Agreement between Clinical Diagnoses, Informant-, and Self-rated Social Responsiveness Scale Measures in an Autism Specialty Clinic

Priyanka Mistry, BS Candidate

Research Assistant – Massachusetts General Hospital
Priyanka Mistry poster

Scientific Abstract

Background: Autism spectrum disorder (ASD) is highly heritable and prevalent condition that carries a significant clinical burden; however, it is under-recognized. The Social Responsiveness Scale (SRS-2) is a 65-item rating scale used to measure autism spectrum severity. We conducted a retrospective chart review to assess agreement between informant and self SRS-2 reports and a clinical diagnosis of ASD, hypothesizing that discordance will be present in overall impairment and symptom characterization results.

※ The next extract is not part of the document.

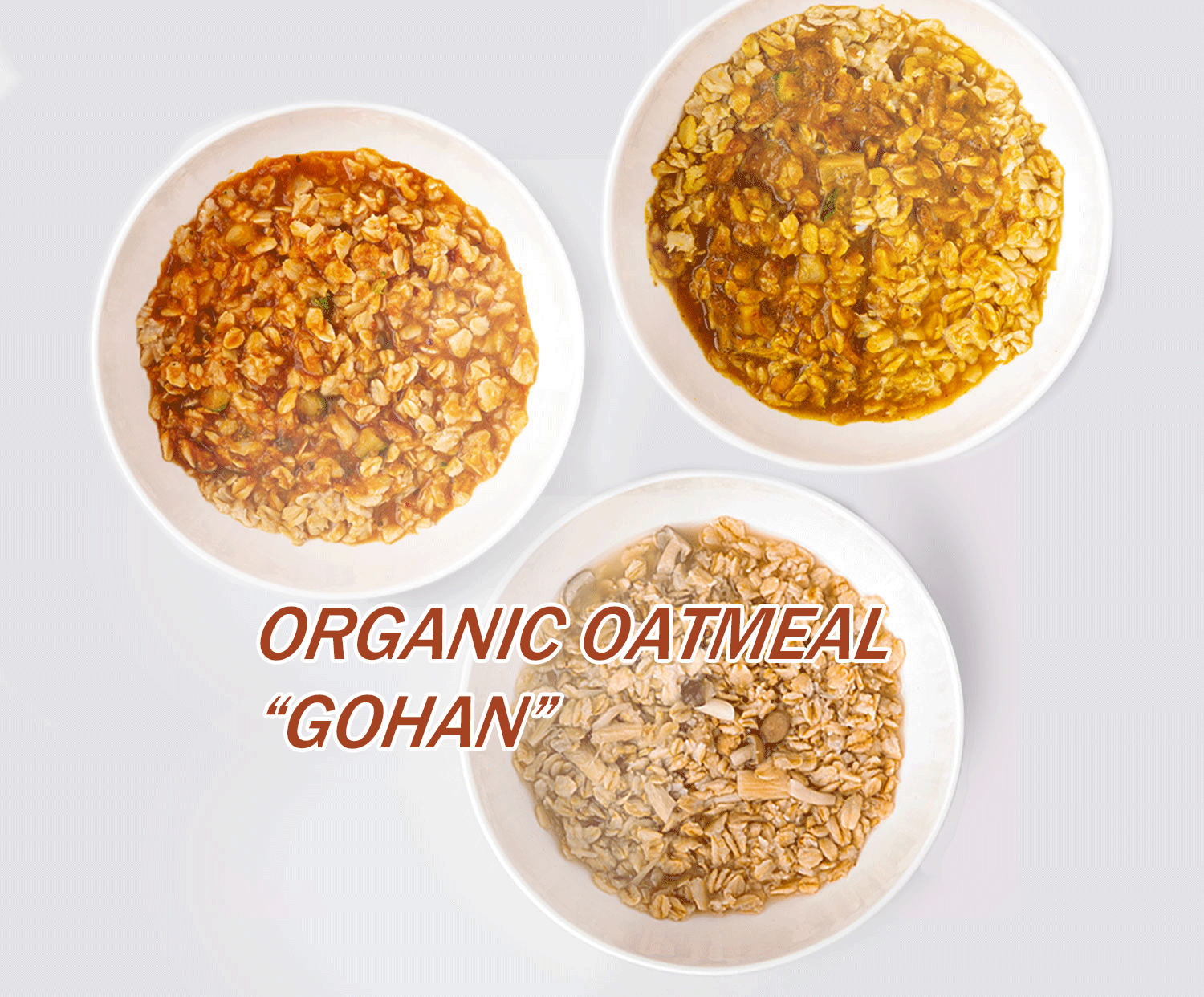 をコンセプトにしたスロースローのオートミールごはんは、小麦粉・卵・乳製品を一切使わず、塩分と調味料は最小限に抑えました。まるでご飯みたいに食べられて日本人にとっても嬉しいインスタントです。

Methods: We analyzed 148 patients referred to an ASD specialty clinic with both self and informant rated versions of the SRS-2. Raw scores were calculated and used to generate T-scores for five subscales and one total scale. Spearman correlations (Spearman’s ρ) were calculated and stratified by age (<25 vs ≥25) and sex (male vs female) to examine the correlation between the self- and informant-rated SRS-2 total and subscale T-scores. Agreement of raters on the total and subscale T-scores was established by intraclass correlation coefficients (ICC).

Results: Correlations between the self- and informant-rated SRS-2 scales were all statistically significant, but low (Total: ρ=0.26, Subscales: ρ=0.19-0.50; all p<0.05). The ICCs were consistent with the Spearman correlation results, showing poor consistency between self- and informant-rated scores (Total: ICC=0.30; Subscale: ICC=0.21-0.49; all p<0.05). There was moderate overall agreement when examining impairment, with 54.1% to 72.3% of self and informant reports agreeing. The disagreement between self and informant was 39% and in more than half of cases, the difference in scoring was substantial with a T-score ≥10. As a screening tool, sensitivity and specificity for a positive self or informant SRS-2 report were 72% and 44%, respectively.    

Conclusions: Our findings suggest that a screen positive for ASD on either the informant- or self- rated SRS should be clinically evaluated for ASD. The utility of the SRS-2 as a screening tool is superior when reports when reports from both self and informant are available.